- [Task material]
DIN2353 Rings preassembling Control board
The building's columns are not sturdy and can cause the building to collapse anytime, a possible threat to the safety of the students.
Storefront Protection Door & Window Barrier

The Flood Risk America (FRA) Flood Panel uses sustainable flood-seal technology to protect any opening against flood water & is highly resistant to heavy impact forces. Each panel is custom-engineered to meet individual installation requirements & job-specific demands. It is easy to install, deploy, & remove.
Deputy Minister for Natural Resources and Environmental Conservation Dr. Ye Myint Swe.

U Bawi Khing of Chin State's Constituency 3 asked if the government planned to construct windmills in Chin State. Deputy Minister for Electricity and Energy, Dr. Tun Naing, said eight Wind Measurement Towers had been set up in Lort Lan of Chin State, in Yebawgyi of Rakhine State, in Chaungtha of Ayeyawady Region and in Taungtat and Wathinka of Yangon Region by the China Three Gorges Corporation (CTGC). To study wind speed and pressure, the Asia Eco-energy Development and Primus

* * *

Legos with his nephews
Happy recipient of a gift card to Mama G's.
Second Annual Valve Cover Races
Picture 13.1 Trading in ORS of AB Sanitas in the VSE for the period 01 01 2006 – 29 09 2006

--

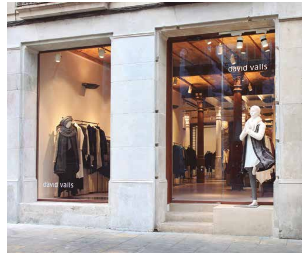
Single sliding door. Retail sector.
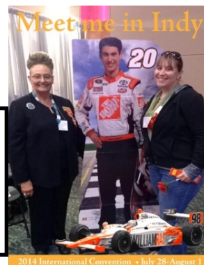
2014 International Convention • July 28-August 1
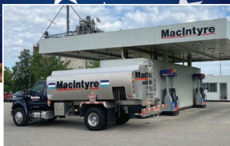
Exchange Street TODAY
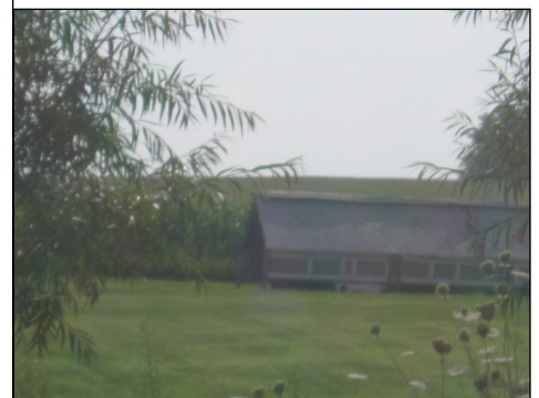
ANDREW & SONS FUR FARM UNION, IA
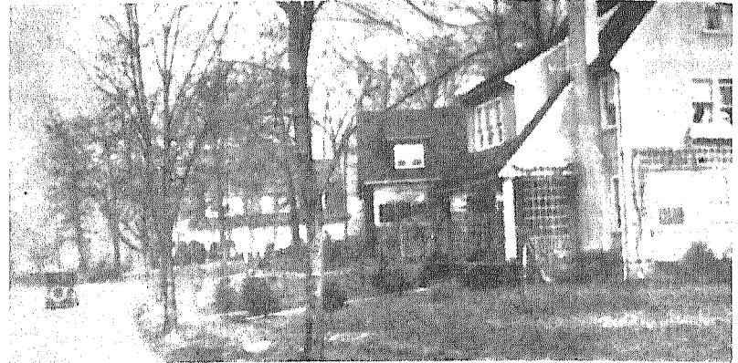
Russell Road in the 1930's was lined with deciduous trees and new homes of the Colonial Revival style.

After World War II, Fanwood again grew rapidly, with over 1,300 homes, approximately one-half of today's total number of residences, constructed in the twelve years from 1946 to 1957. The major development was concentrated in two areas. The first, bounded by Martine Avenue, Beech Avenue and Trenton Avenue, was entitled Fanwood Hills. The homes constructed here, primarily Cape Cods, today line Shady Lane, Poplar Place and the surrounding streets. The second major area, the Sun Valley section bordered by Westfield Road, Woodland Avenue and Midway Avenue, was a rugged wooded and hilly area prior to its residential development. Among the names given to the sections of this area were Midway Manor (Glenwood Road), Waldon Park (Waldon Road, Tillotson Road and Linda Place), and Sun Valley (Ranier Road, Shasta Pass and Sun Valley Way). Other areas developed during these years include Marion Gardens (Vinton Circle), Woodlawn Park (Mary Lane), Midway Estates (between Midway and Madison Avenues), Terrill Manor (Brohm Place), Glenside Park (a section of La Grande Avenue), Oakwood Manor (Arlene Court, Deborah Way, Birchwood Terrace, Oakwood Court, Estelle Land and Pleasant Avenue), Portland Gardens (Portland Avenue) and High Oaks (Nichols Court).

- [Problem details]
Beginning at the line that has "2014 International Convention" and ending at the line that has "Russell Road in", restate the listing above word for word, pictures left out.

- [Answer for the task]
2014 International Convention • July 28-August 1
Exchange Street TODAY
ANDREW & SONS FUR FARM UNION, IA
Russell Road in the 1930's was lined with deciduous trees and new homes of the Colonial Revival style.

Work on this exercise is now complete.